We're conditioned to accept the bare minimum from men it seems. I don't go out and make new guy friends when I'm in a relationship. It's disrespectful. So why the fuck would I tolerate it in a partner? I bet if the shoe were on the other foot he'd have none of it! And rightly so.

They wouldnt fall for anyone new if they weren't deliberately going out of their way to meet and hang around with them in the first place.

Your partner is letting you down and yet you're convinced you're the issue!

It's not jealousy, it's insecurity because your partner has zero moral fibre.

Blimey97 · 02/10/2024 08:10

probablynever · 01/10/2024 22:38

Working on your self esteem is the way forward.

Have you met this person and spent time with them together that might also help.

I can see where your coming fromthough I'd probably be jealous of my husband spending lots of time with and talking highly of a younger hot woman, don't be embarrassed it can happen to any of us.
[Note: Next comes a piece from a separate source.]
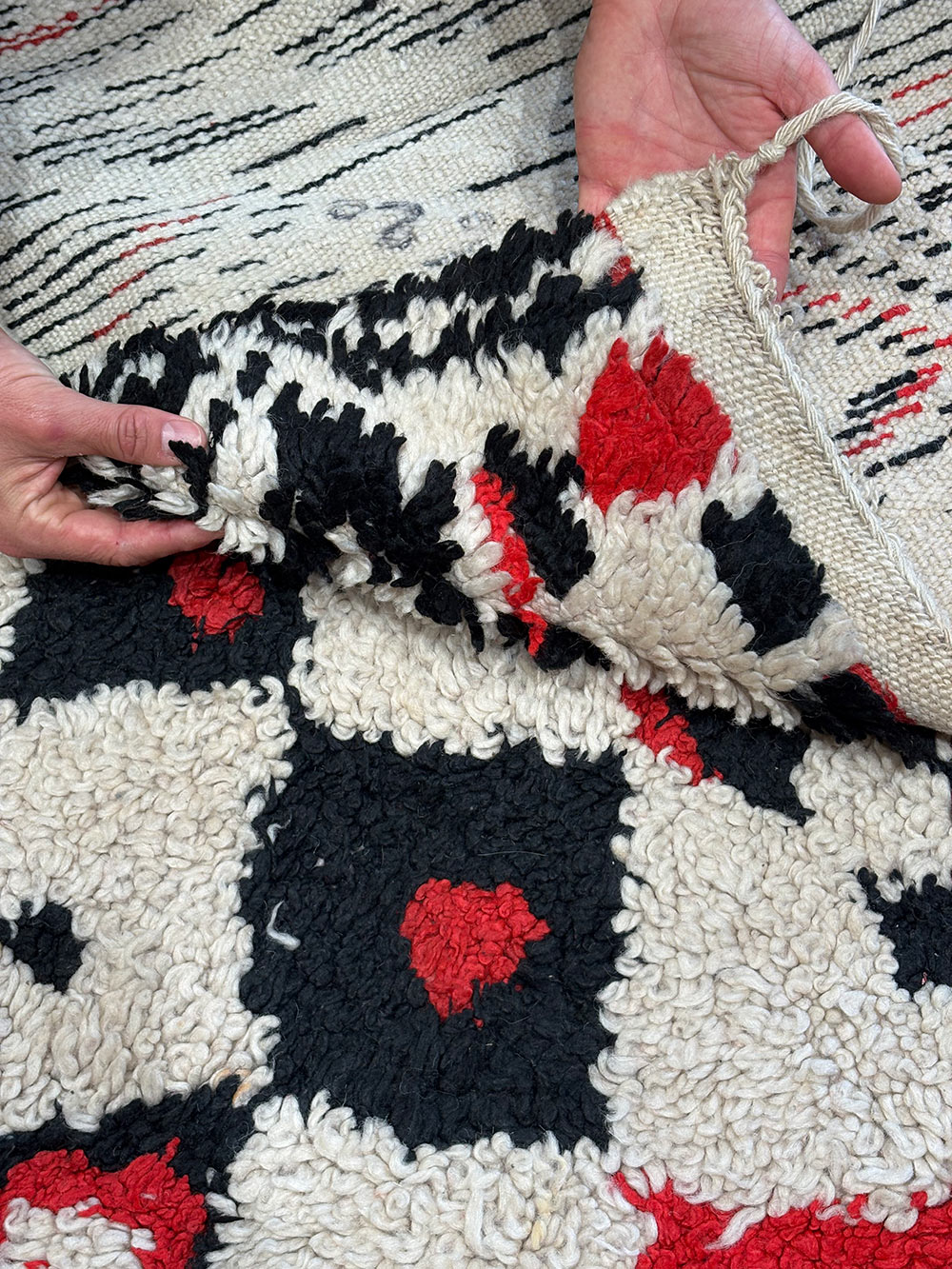 Another feature of the Azilal Berber Rug is its natural dye work. Artisans use saffron, henna, indigo, madder, and other plant-based sources to produce striking reds, yellows, and blues. These colors are applied sparingly against the cream wool ground, creating a lively contrast that feels both organic and modern. Over time, the natural dyes mellow, giving the rug a patina that only deepens its character.

Yes, I've met her. Tbh there was nothing to worry about because she just spoke to my partner as you would a friend. She made conversation with me too. I should clarify he doesn't spend lots of time with her. He knows her through a shared hobby. They spend maybe an hour/1.5 hours together a week usually.

OP posts:
GhostVase · 02/10/2024 08:17

Pinkbonbon · 02/10/2024 00:36

Is this a new friend?

Personally I don't see why a man with a girlfriend should be making bew female friends. Fair enough if she's just an acquaintance in a group scenario but what do you mean he's complimenting her?

It's not jealousy to find that shit uncomfortable and inappropriate btw.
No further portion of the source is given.